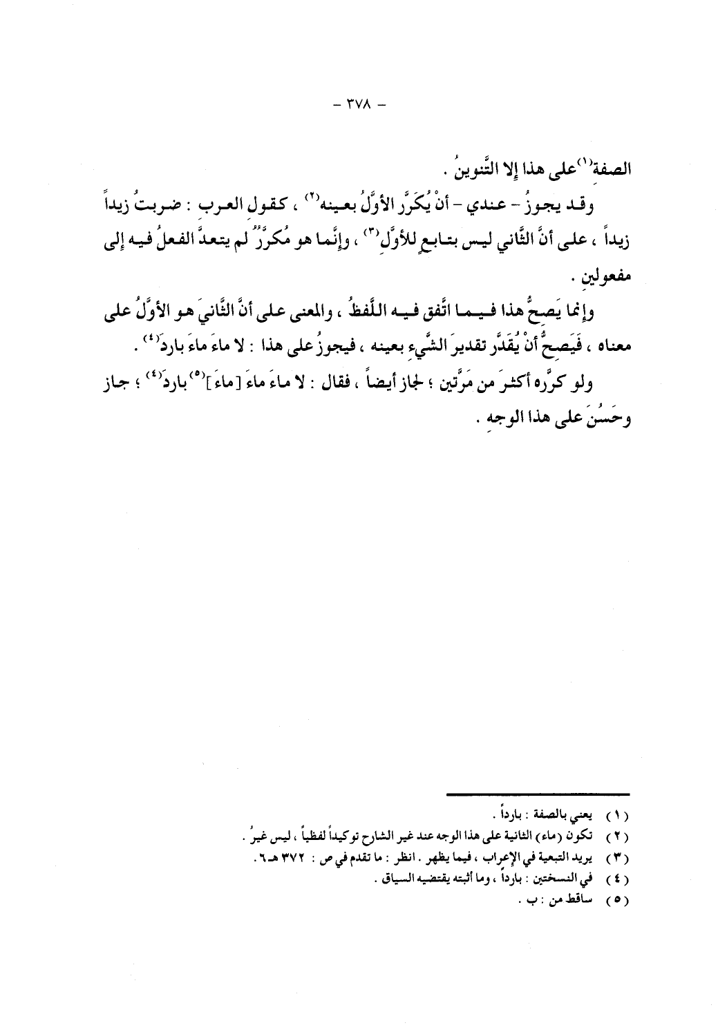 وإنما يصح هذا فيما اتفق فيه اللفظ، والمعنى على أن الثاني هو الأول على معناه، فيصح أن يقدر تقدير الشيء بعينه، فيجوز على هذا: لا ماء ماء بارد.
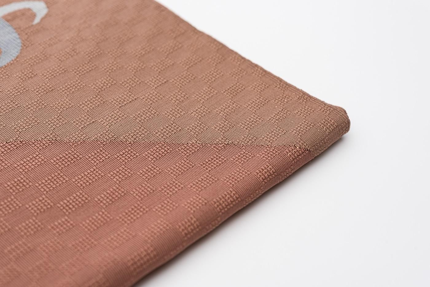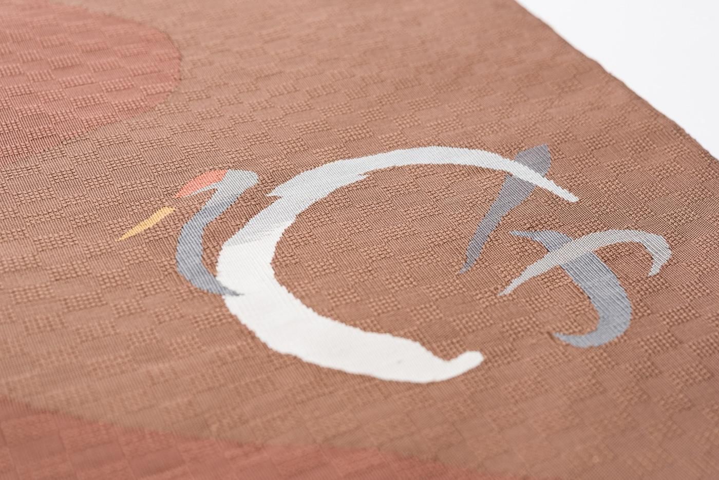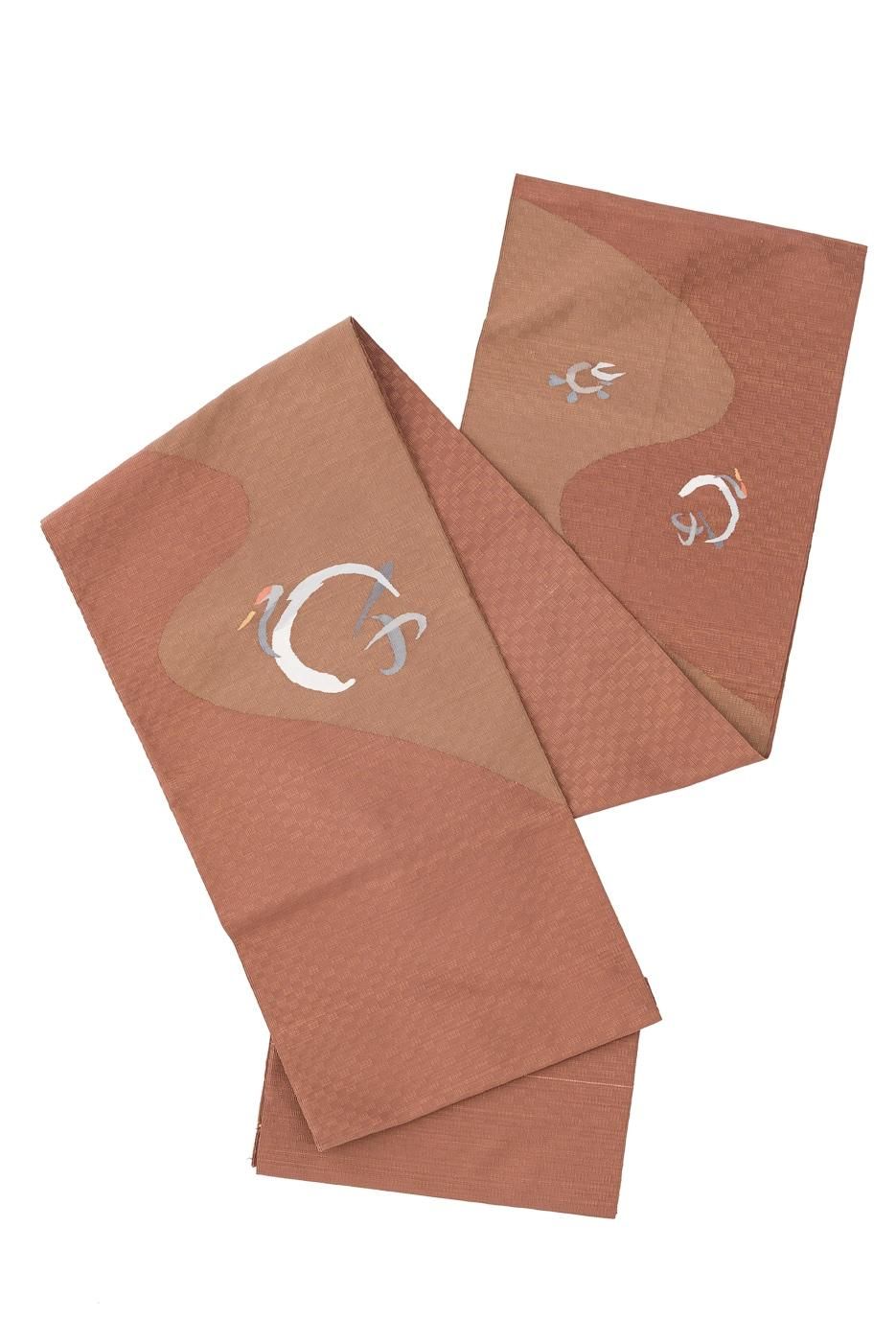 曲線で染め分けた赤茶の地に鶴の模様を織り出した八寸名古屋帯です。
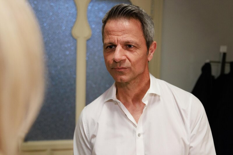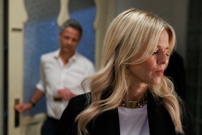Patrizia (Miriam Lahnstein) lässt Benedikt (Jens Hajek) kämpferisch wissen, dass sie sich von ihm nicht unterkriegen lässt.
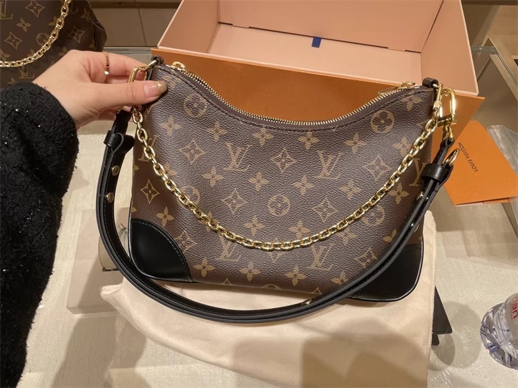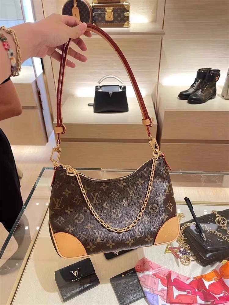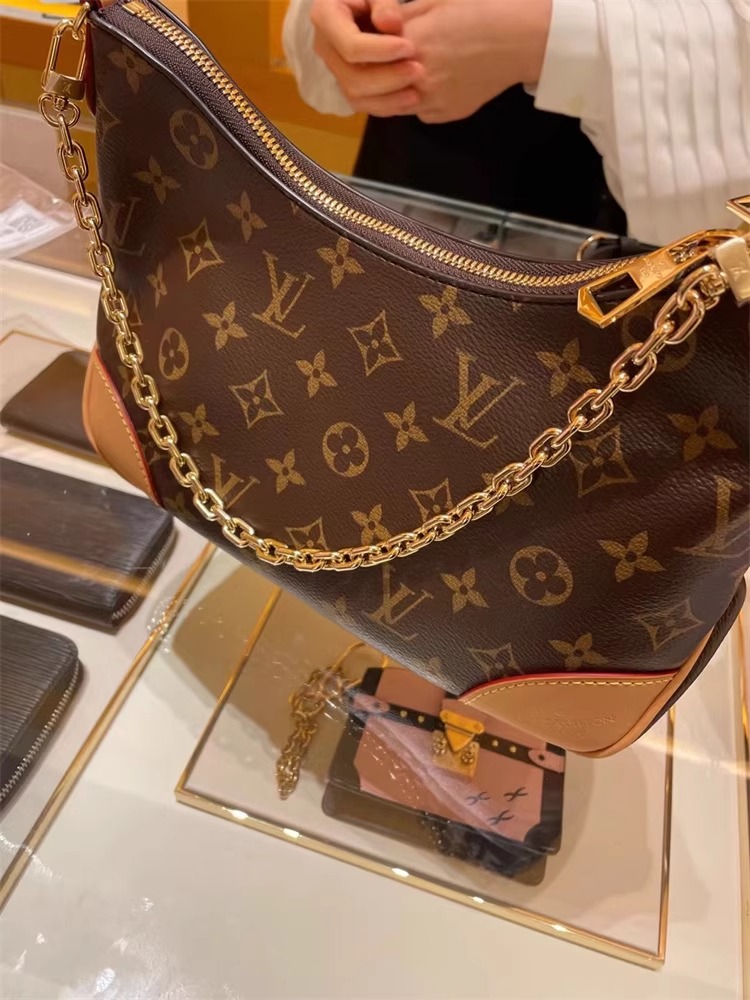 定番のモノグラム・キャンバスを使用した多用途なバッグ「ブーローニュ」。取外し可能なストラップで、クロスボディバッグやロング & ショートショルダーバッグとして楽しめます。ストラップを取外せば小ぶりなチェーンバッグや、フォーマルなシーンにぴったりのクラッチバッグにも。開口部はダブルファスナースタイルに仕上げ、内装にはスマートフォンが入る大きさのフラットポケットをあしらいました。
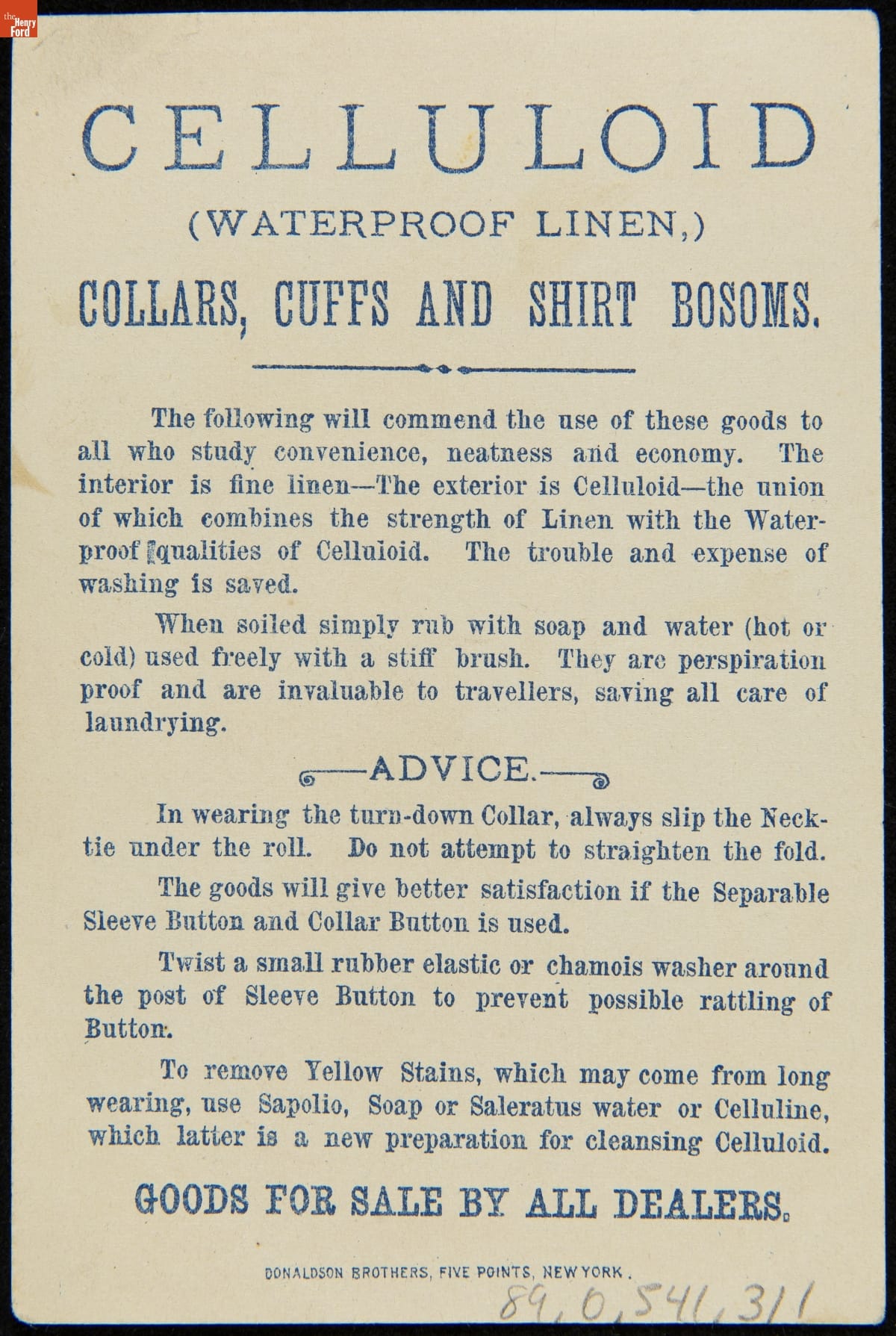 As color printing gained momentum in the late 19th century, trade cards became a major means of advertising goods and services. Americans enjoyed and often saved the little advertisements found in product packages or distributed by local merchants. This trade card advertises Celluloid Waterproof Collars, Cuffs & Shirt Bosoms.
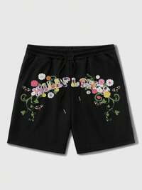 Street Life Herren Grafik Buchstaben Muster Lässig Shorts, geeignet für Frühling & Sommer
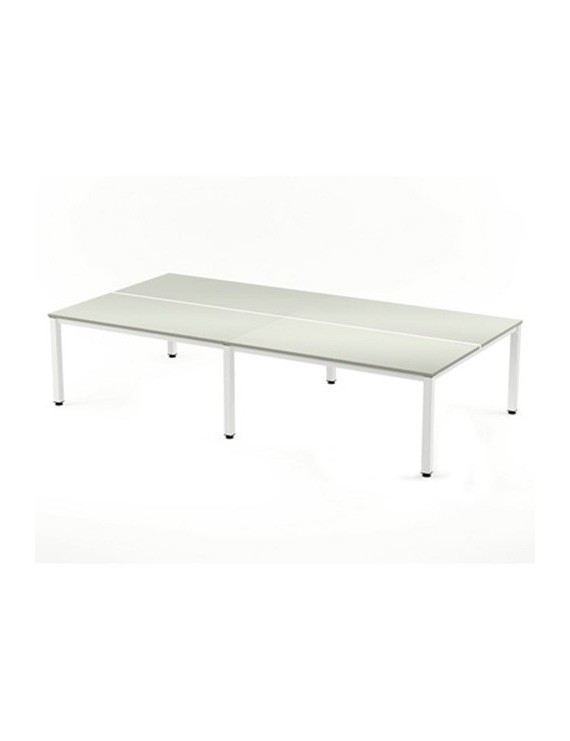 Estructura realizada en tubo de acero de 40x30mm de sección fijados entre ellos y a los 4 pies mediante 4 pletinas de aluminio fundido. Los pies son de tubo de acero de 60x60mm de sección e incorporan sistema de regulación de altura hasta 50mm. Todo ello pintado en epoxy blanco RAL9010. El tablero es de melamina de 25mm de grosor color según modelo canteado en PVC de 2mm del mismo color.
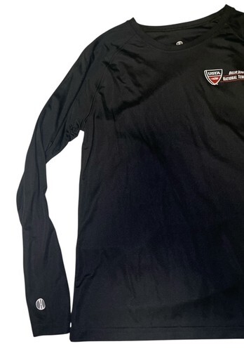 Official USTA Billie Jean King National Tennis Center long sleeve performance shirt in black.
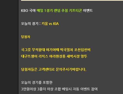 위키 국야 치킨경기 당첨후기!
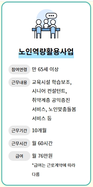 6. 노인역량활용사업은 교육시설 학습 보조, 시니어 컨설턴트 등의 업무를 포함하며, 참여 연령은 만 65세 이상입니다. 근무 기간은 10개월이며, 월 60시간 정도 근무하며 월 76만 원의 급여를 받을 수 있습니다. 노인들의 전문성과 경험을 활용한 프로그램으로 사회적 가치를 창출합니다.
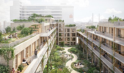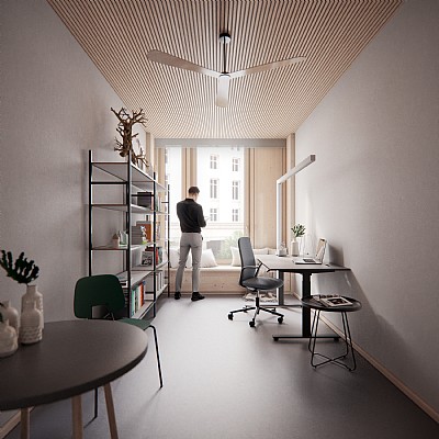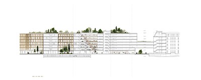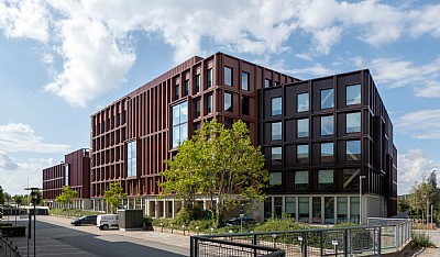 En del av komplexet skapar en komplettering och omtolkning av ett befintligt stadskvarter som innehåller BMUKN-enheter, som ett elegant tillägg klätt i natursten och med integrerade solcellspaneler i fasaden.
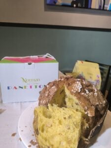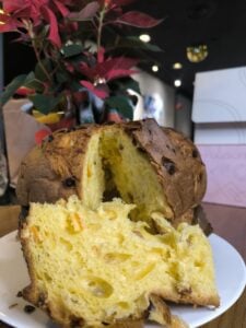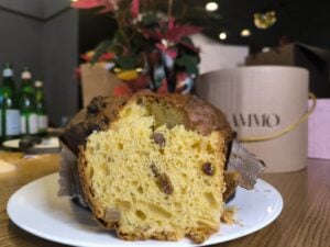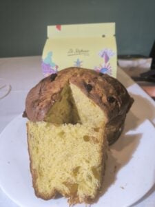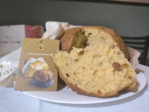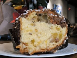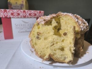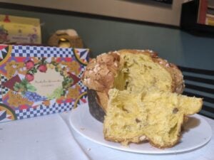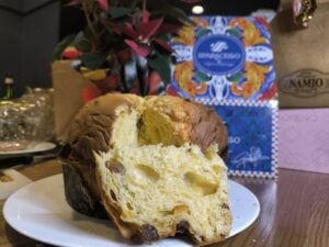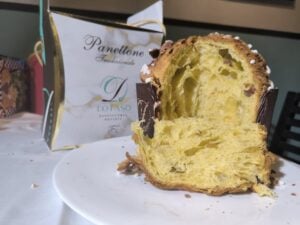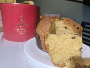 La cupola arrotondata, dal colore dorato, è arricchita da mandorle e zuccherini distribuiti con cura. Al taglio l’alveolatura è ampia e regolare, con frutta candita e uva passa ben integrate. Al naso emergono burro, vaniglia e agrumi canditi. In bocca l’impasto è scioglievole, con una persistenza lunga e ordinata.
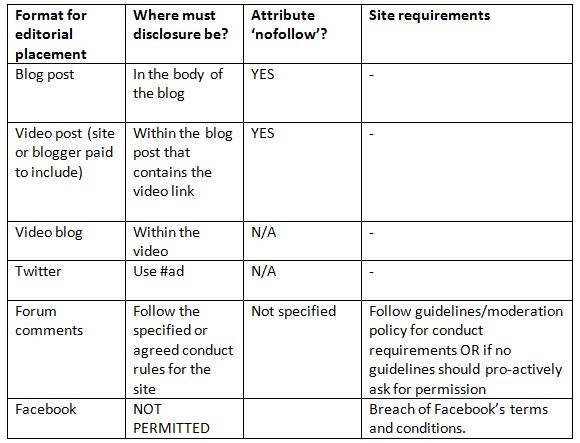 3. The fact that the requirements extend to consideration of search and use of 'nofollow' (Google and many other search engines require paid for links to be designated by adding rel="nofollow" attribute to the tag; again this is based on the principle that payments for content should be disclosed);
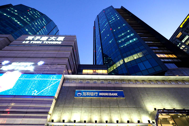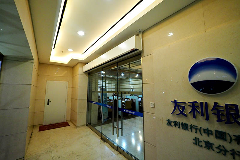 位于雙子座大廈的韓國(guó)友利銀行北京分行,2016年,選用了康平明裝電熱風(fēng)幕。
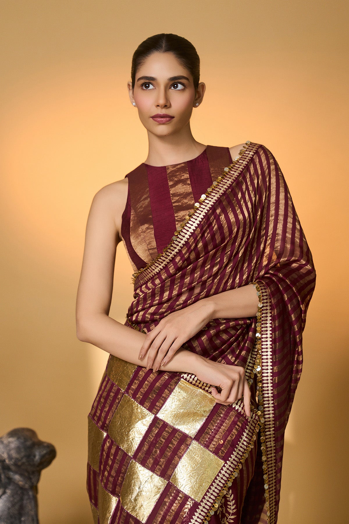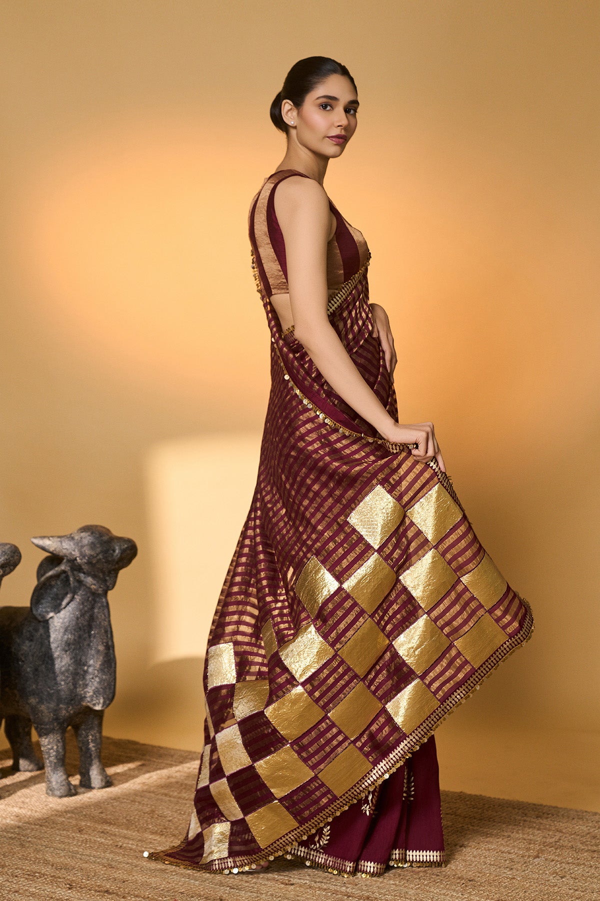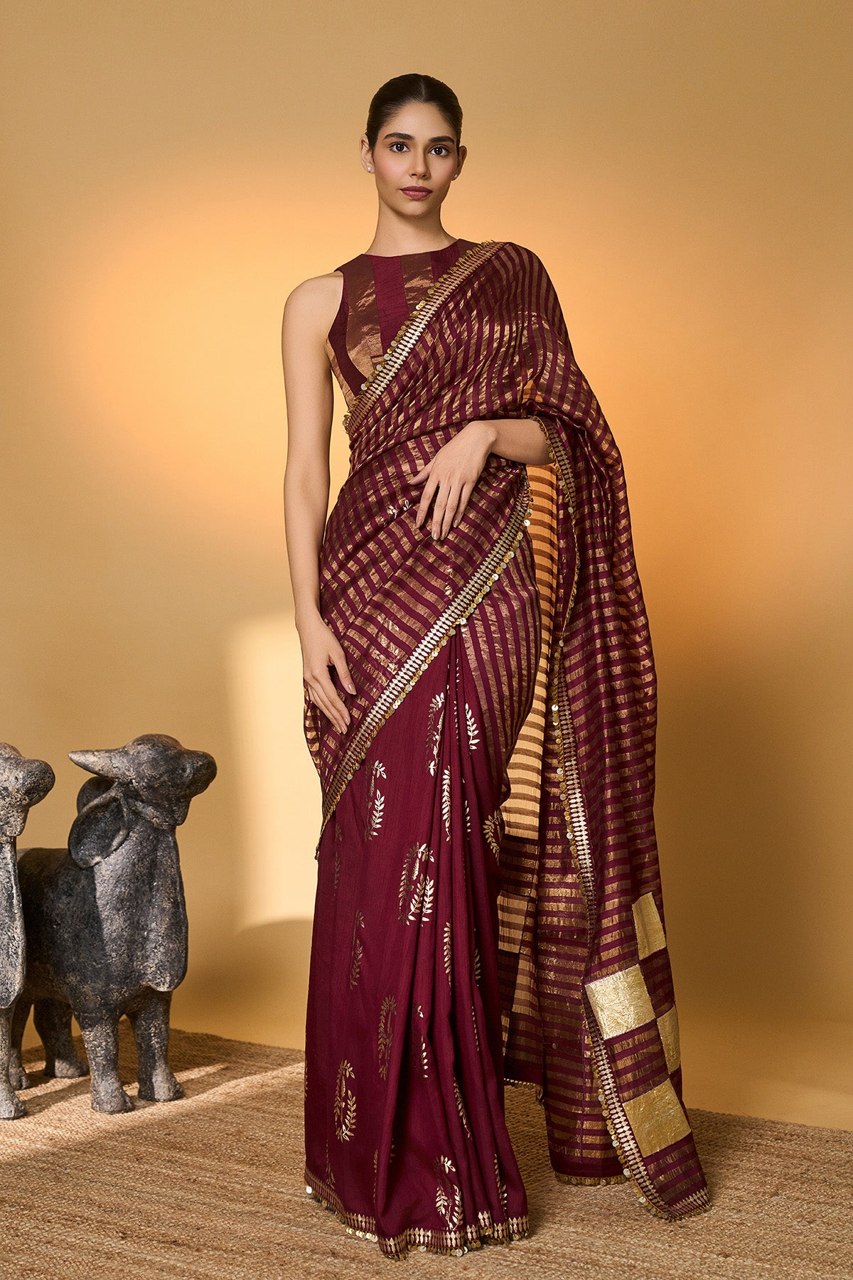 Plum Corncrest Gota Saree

EXERCISE REQUIREMENTS
Once you find the line containing "3. The fact", transcribe it and each line after it to the end of the records exactly, and leave out the pictures.

EXPECTED OUTPUT
 3. The fact that the requirements extend to consideration of search and use of 'nofollow' (Google and many other search engines require paid for links to be designated by adding rel="nofollow" attribute to the tag; again this is based on the principle that payments for content should be disclosed);
 位于雙子座大廈的韓國(guó)友利銀行北京分行,2016年,選用了康平明裝電熱風(fēng)幕。
 Plum Corncrest Gota Saree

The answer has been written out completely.